### What you will do
Please repeat the records below exactly, skipping any pictures.

### Records provided
____________________
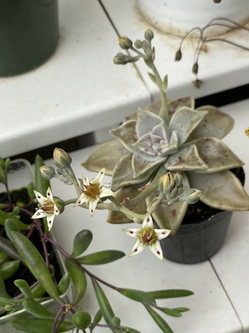 昨年末に知人からいただいた「おぼろづき」が花を咲かせたこと。
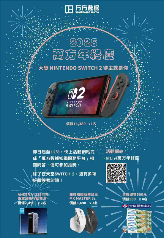 光陰似箭,一年即將又要過去,你今年過得如何?務必要記得,若想查找學術論文,就得上中國最大學術資料庫之一的《萬方數據知識服務平台》,保你未來課業、工作都一帆風順! 即日起到114/12/03,快上「萬方年終慶」有獎徵答活動網站,依照指示答對所有題目,即可參加抽獎。萬方今年送你最新最夯的任天堂SWITCH 2(是2唷~)和各項頂級3C實用好禮! 活動名稱:「萬方年終慶」有獎徵答抽獎活動。 萬方Facebook粉絲專頁公告:https://cyut.tw/qHJ
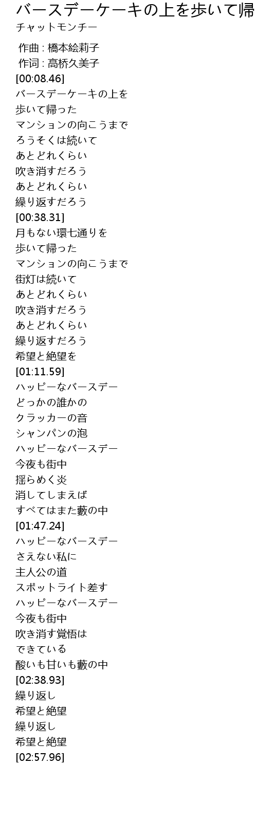 | [02:19.97] | ハッピーなバースデー |
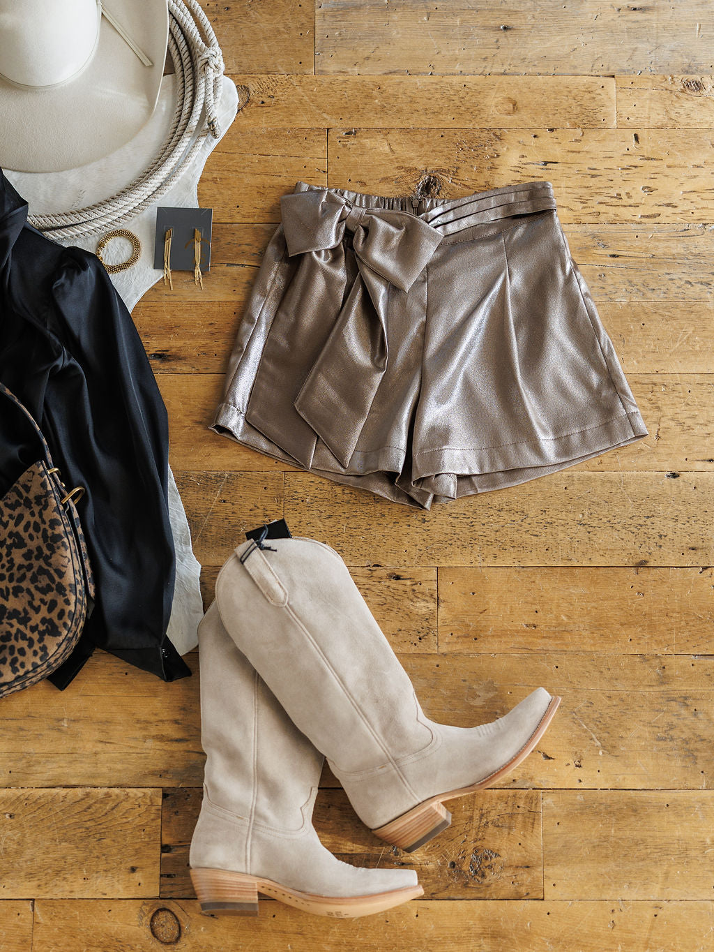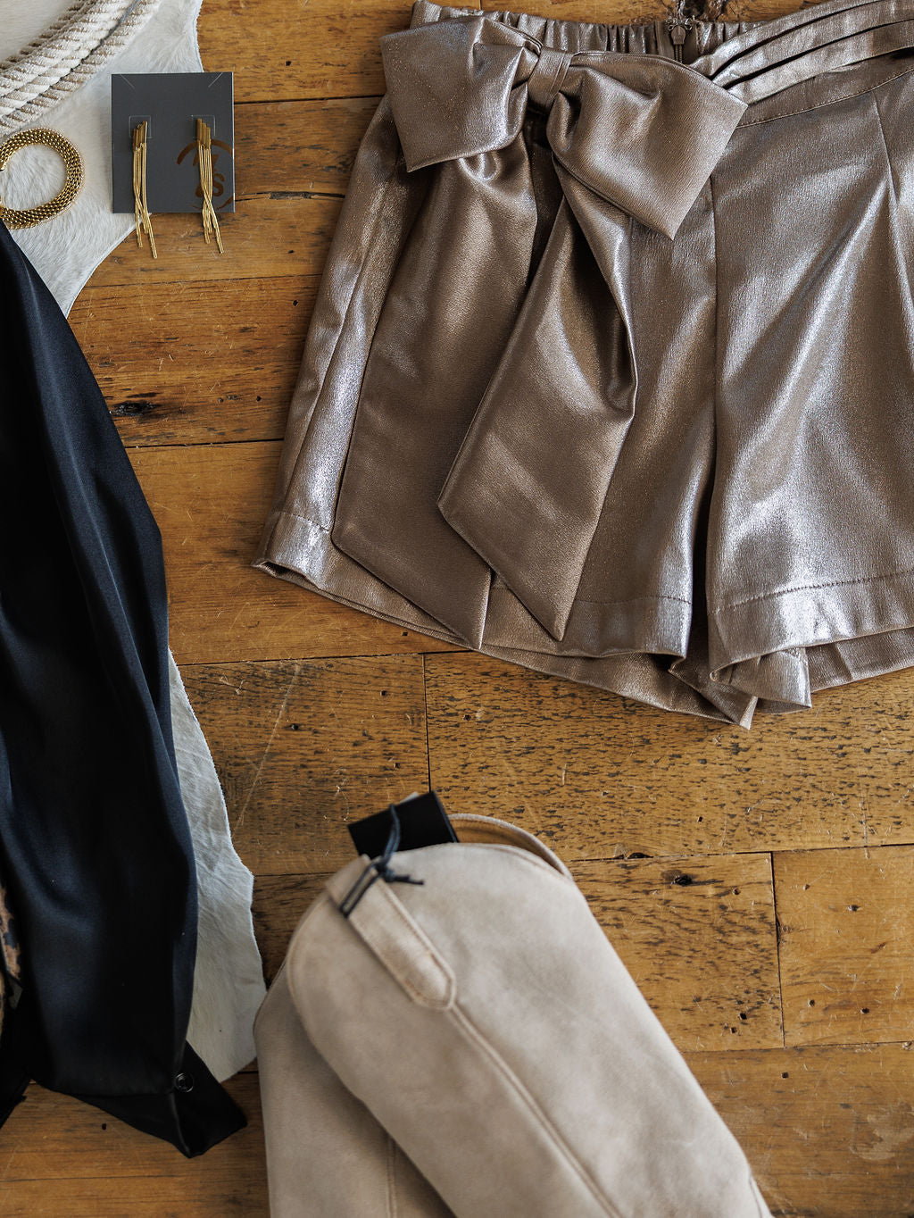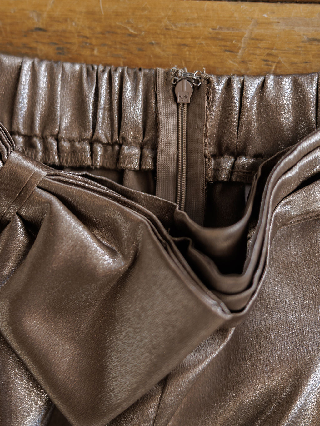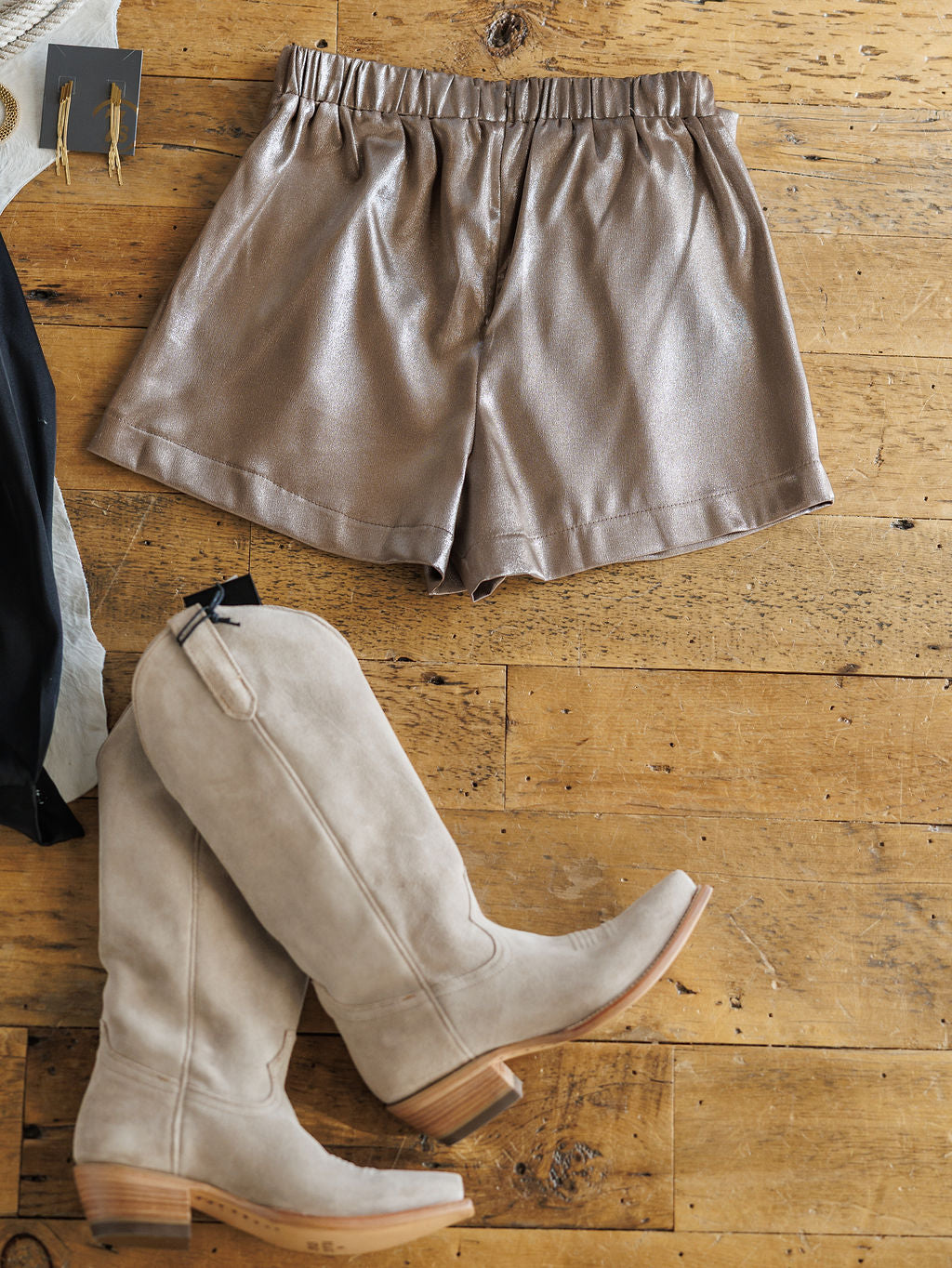 Champagne soft textured satin fabric with woven silver metallic detail.
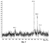 На 4-той стадии очистки (фракции 6 из предыдущей стадии) был изменен состав элюирующей системы (вместо ТФУ использовали раствор ацетата аммония), что позволило улучшить разделение (фиг.6). В результате Tyr-содержащий пик с m672 обнаружился во фракции 5 ( 13 мин), остатки Trp-содержащего вещества вышли во фр.4 ( 10 мин). Изменение элюирующей системы позволило также отделить вещества, содержащие ароматические соединения, не принадлежащие к аминокислотам ( max 215 и 268 нм, ( 9 мин) и max 225 нм и 268 нм ( 14,8 мин) соответственно). Массовый состав фр.5 был m672, 694 (m + Na), 711 (m + К) (фиг.7), и биологическая активность была сосредоточена в этой фракции.
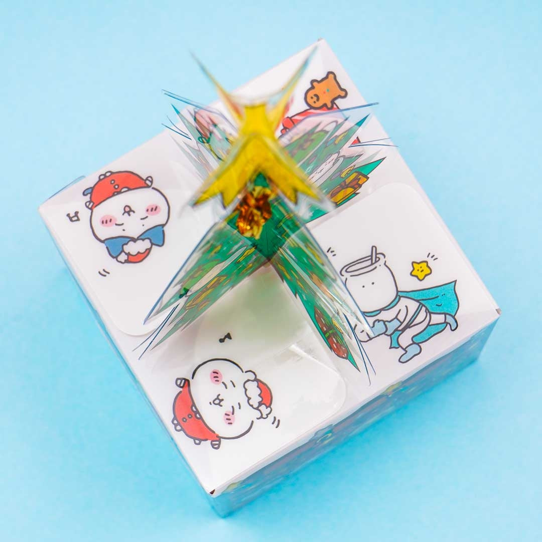 A box of candy with a fun Christmas tree-shaped design showcasing prints of Chiikawa characters
____________________
### Result
 昨年末に知人からいただいた「おぼろづき」が花を咲かせたこと。
 光陰似箭,一年即將又要過去,你今年過得如何?務必要記得,若想查找學術論文,就得上中國最大學術資料庫之一的《萬方數據知識服務平台》,保你未來課業、工作都一帆風順! 即日起到114/12/03,快上「萬方年終慶」有獎徵答活動網站,依照指示答對所有題目,即可參加抽獎。萬方今年送你最新最夯的任天堂SWITCH 2(是2唷~)和各項頂級3C實用好禮! 活動名稱:「萬方年終慶」有獎徵答抽獎活動。 萬方Facebook粉絲專頁公告:https://cyut.tw/qHJ
 | [02:19.97] | ハッピーなバースデー |
 Champagne soft textured satin fabric with woven silver metallic detail.
 На 4-той стадии очистки (фракции 6 из предыдущей стадии) был изменен состав элюирующей системы (вместо ТФУ использовали раствор ацетата аммония), что позволило улучшить разделение (фиг.6). В результате Tyr-содержащий пик с m672 обнаружился во фракции 5 ( 13 мин), остатки Trp-содержащего вещества вышли во фр.4 ( 10 мин). Изменение элюирующей системы позволило также отделить вещества, содержащие ароматические соединения, не принадлежащие к аминокислотам ( max 215 и 268 нм, ( 9 мин) и max 225 нм и 268 нм ( 14,8 мин) соответственно). Массовый состав фр.5 был m672, 694 (m + Na), 711 (m + К) (фиг.7), и биологическая активность была сосредоточена в этой фракции.
 A box of candy with a fun Christmas tree-shaped design showcasing prints of Chiikawa characters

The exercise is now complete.